Flossmoor trustees got a look at the village’s five-year financial projections that showed positive improvements, as well as possible revenue enhancements to offset financial threats.
Village Financial Director Ann Novoa and Village Manager Bridget Wachtel presented the projections to the board at the Oct. 20 board meeting for fiscal years 2026-2031.
They gave several options for new revenue, including a utility tax on water, updating fees, such as vehicle stickers, imposing a places-for-eating tax, and an amusement tax.
Village finances show operating revenues increasing each year. At the same time, fixed costs, a projected drop in state revenues and limits on raising revenue through property taxes are cause for concern.
The village’s general fund covers salaries, police and fire departments, public works, village operations and expenses, such as health insurance and pension costs. These fixed costs make up approximately 90% of Flossmoor’s expenses.
Wachtel said the village could justify shifting some salary expenses and costs from the general fund to the water and sewer fund as a way to “alleviate some of the financial stress on the general fund.” The shift could happen in 2027.
The report pinpoints shortfalls in revenue compared to expenses in fiscal years 2026, 2027 and 2028. It shows increases in revenue compared to expenses in 2030 and 2031.
“The five-year analysis continues to show an immediate and long-term structural imbalance between operating revenues and operating expenditures,” Novoa said.
Wachtel went over the impacts the village could face due to an expected drop in state support and the possible imposition by the state of additional police and fire pension costs.
Wachtel said the village’s state income tax revenue is the third largest revenue source for Flossmoor.
“It’s probably the one that’s grown the most over the last five years,” she said. “It’s also the one that is continuously the most threatened, from a state perspective.”
Wachtel outlined future opportunities for new revenue, including new sales taxes from future economic developments. Two new restaurants are coming to town, and the village has land available for future development.

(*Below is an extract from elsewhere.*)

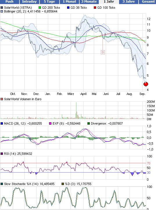 Schön, dass Du wieder da bist! Habe mich auch schon gefragt, was das mit "Sämper" soll ... Aber hier im Forum ist es wirklich so, dass Negativ-Stimmungsmache von Leuten betrieben wird, die schlicht keine Ahnung haben. Die Solarbranche ist nicht mit dotcom zu vergleichen, hier gibt es keine Blase, denn die Energiewende, die immerhin beschlossene Sache ist, wird erst noch so richtig ins Laufen kommen und die Photovoltaik wird dabei eine erhebliche Rolle spielen. Ich wiederhole mich nicht gern, aber noch mal die Fakten: 2010 ist sie kräftiger gewachsen als allgemein erwartet, hat die Wasserkraft von Platz 3 bei den Erneuerbaren Energien verdrängt, hat nun immerhin einen Anteil von 3,5 % an der Stromerzeugung im Land. Wir haben es in Q 3 mit einer Delle zu tun, das kommt in jedem Industriezweig vor, z.B. in der Autoindustrie, wo dann Autos auf Halde stehen. Aber hier die Pleitegeier schwirren zu lassen, ist übel und schädigt den Ruf solider Unternehmen wie SolarWorld. Und Wetten auf den Ruin hin gehören verboten. Was ist bloß aus der Börse geworden - schlimmer als Casino, denn hier wird Glücksspiel vermengt mit Realwirtschaft. Solches Glücksspiel gehört doppelt verboten - ist viel schlimmer als Poker im Hinterzimmer. Wer genau hingehört hat in den letzten Tagen, konnte positive Nachrichten hören, z.B. verstärkter Einstieg ins Recycling-Geschäft - die Grundstoffe sind zu kostbar, um sie auf den Müll zu werfen, sie werden auf dem Weltmarkt immer teurer werden, Asbeck denkt nicht daran, zu verkaufen, die Nachfrage hat bereits angezogen usw.usf. Heute ist Freitag, da werden die verunsicherten Angsthasen nicht kaufen, aber nächste Woche geht die Reise nach oben!

According to the report, economic development helps increase the equalized assessed valuation for property tax purposes and increases sales tax revenue.
Wachtel and Novoa also outlined a possibility for a referendum asking residents to approve home rule. The state grants home rule status to communities with populations of 30,000 or higher. Smaller communities can gain home rule through a referendum.
Trustees will be asked to assess additional revenue sources as they continue the village’s financial planning toward balanced budgets.
Mayor Michelle Nelson said it is always good to have five-year reviews to take a hard look at the financial decisions being made in the next few years.
She was against a water utility tax, saying there are other options available. She also rejected a home rule referendum.
Nelson said she would favor an amusement tax and places-for-eating tax, both options available to non-home rule communities.